# Film scoring students from Berklee Valencia searching for composers who would like to talk to us



## Anze Rozman (Oct 26, 2013)

Hello all, 

Just a short introduction. I am currently doing my master's in Scoring for film, tv & video games at Berklee college of music in Valencia, Spain. I have 34 (quite a large number) of wonderful classmates from 19 countries (5 continents). It has been a great experience so far. 

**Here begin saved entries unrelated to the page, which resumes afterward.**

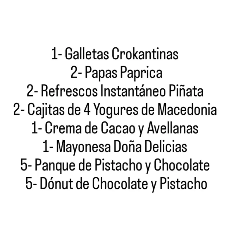 ▪️1- Galletas Crokantinas ▪️2- Papas Paprica ▪️2- Refrescos Instantáneo Piñata ▪️2- Cajitas de 4 Yogures de Macedonia ▪️1- Crema de Cacao y Avellanas ▪️1- Mayonesa Doña Delicias ▪️5- Panque de Pistacho y Chocolate ▪️5- Dónut de Chocolate y Pistacho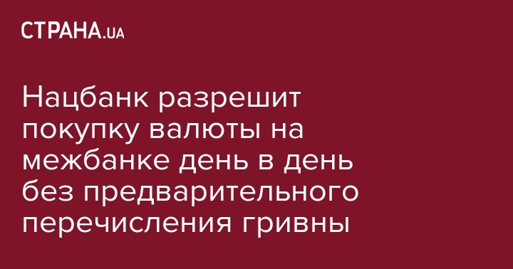 Нацбанк разрешит покупку валюты на межбанке день в день без предварительного перечисления гривны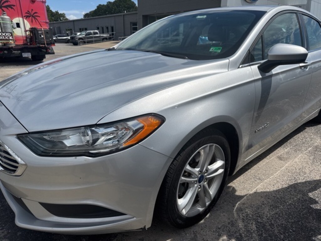 JUST ARRIVED. PENDING INSPECTION. Silver 2018 Ford Fusion Hybrid SE FWD E-CVT Automatic I4 Hybrid We are currently offering Vehicle Purchase Home Delivery by appointment. Please contact for details., I4 Hybrid, 4-Wheel Disc Brakes, 9 Speakers, ABS brakes, Air Conditioning, Alloy wheels, AM/FM radio: SiriusXM, Automatic temperature control, Brake assist, Bumpers: body-color, CD player, Cloth Front Bucket Seats, Compass, Delay-off headlights, Driver door bin, Driver vanity mirror, Dual front impact airbags, Dual front side impact airbags, Electronic Stability Control, Emergency communication system: 911 Assist, Exterior Parking Camera Rear, Four wheel independent suspension, Front anti-roll bar, Front Bucket Seats, Front Center Armrest, Front dual zone A/C, Front reading lights, Fully automatic headlights, Illuminated entry, Knee airbag, Low tire pressure warning, Occupant sensing airbag, Outside temperature display, Overhead airbag, Overhead console, Panic alarm, Passenger door bin, Passenger vanity mirror, Power door mirrors, Power driver seat, Power passenger seat, Power steering, Power windows, Radio data system, Radio: AM/FM Stereo w/MP3/Single-CD Player, Rear anti-roll bar, Rear reading lights, Rear seat center armrest, Rear window defroster, Remote keyless entry, Security system, Speed control, Speed-sensing steering, Speed-Sensitive Wipers, Split folding rear seat, Steering wheel mounted audio controls, SYNC Communications & Entertainment System, Tachometer, Telescoping steering wheel, Tilt steering wheel, Traction control, Trip computer, Variably intermittent wipers, Wheels: 17" Sparkle Silver Painted Aluminum, I4 Hybrid.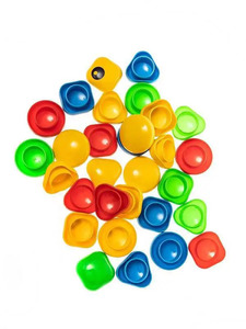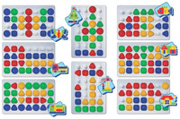 2. Выберите любую картинку на обороте коробки, подберите фишки по цвету и форме.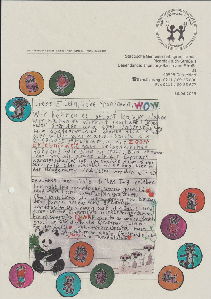 Gegen Ende des Schuljahres 2024/25 haben die Schülerinnen und Schüler der Willi-Fährmann-Schule noch einmal Vollgas gegeben. Um das Geld für einen großen Ausflug der ganzen Schule in die Zoom-Erlebniswelt zu erlaufen, haben sich alle 11 Klassen in Hellerhof vor dem Schulgelände getroffen und sind mit großem Eifer Runde um Runde um die große Wiese vor der Schule gelaufen. Trotz brennender Sonne am gefühlt heißesten Tag des Jahres hatten alle sichtbar großen Spaß an der Aktion und die Kinder gaben Runde für Runde ihr Bestes. Womit bei der Planung des Sponsorenlaufs niemand gerechnet hatte, war die unglaubliche Großzügigkeit der vielen Sponsoren, die die Kinder sich selbst gesucht hatten. Dank der vielen lieben Freunde, Bekannten und Familienmitglieder unserer Schulkinder ist eine riesige Summe Spendengelder zusammengekommen, wodurch der Ausflug in die Zoom-Erlebniswelt für alle Kinder der Willi-Fährmann-Schule ermöglicht werden konnte. Vielen Dank!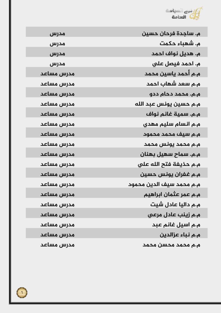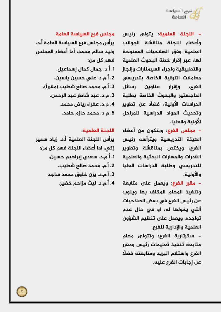 النشاطات العلمية والمجتمعية لفرع السياسة للعام الدراسي 2023-2024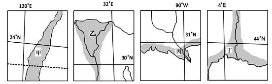 4、单选题 读图,阴影部分为四个农业区,完成问题。1.甲、乙、丙、丁的主要经济作物依次是2.四地的农业地域类型均属于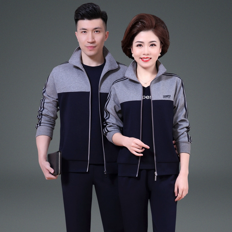 中老年情侣装外套秋装休闲运动服男女中年人爸爸妈妈减龄三件套装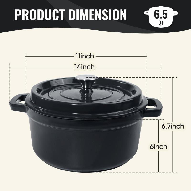 LARGE 6.5 QT CAPACITY:Our cast iron dutch oven can be used for multiple cooking methods such a cooking, baking, stewing etc.With this Large capacity enameled cast iron, can meet all the needs of family gatherings.The highest temperature tolerance is as high as 500°F.
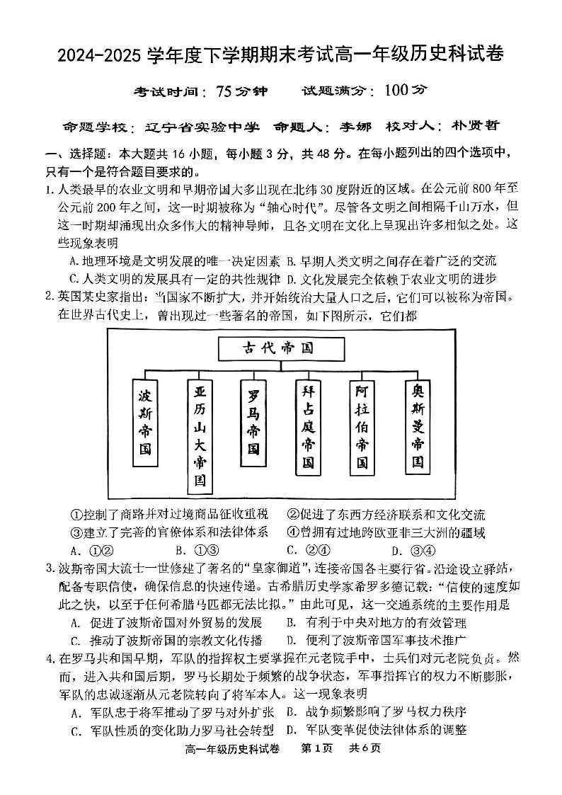 辽宁省五校联考2024-2025学年度下学期高一年级期末考试 历史试卷(含答案).pdf

I am starting an event called "Skyping with composers". The plan is to talk to 1 working composers/orchestrator/copyist in the film industry per week. The skype session would last no more then 1h and the composer we would talk to, could choose the theme of the session. So if you are an "orchestra" guy (or gal), you could talk about orchestration, if you are a mockup guy/gal, talk about that, if you would just like to talk about beer and food you like, thats fine as well We would just like to meet some great people/composers, have some relaxed conversations and get some more knowledge on specific subjects. 

The time and date would be set according to the composers schedule, but evening time (GTM + 1), would be best for us. 

So anyone interested to talk to us, please reply to this post. The only "rule" is that you are making your living as a composer (orchestrator, arranger, copyist, sample developer) in the film/video game industry. 

*To make things more clear: 
*
-The session will take no more then 1h 
-The time and date of the session are chosen by the composer (evening hours GTM + 1 are best for us tho) 
-The composer choses the topic of the session 
-The session consists of 45min of talking about a subject of the composers choice, 15min for QA (pre-prepared questions from the students) 
-It is only your free will, willingness, humbleness to talk to us We can "offer" our gratitude and appreciation for your time in return 

So if anyone is interested to talking with us please reply or write to [email protected]. We will be very happy to talk to you guys. The school year is till 26.7.2014, so there is plenty of time. 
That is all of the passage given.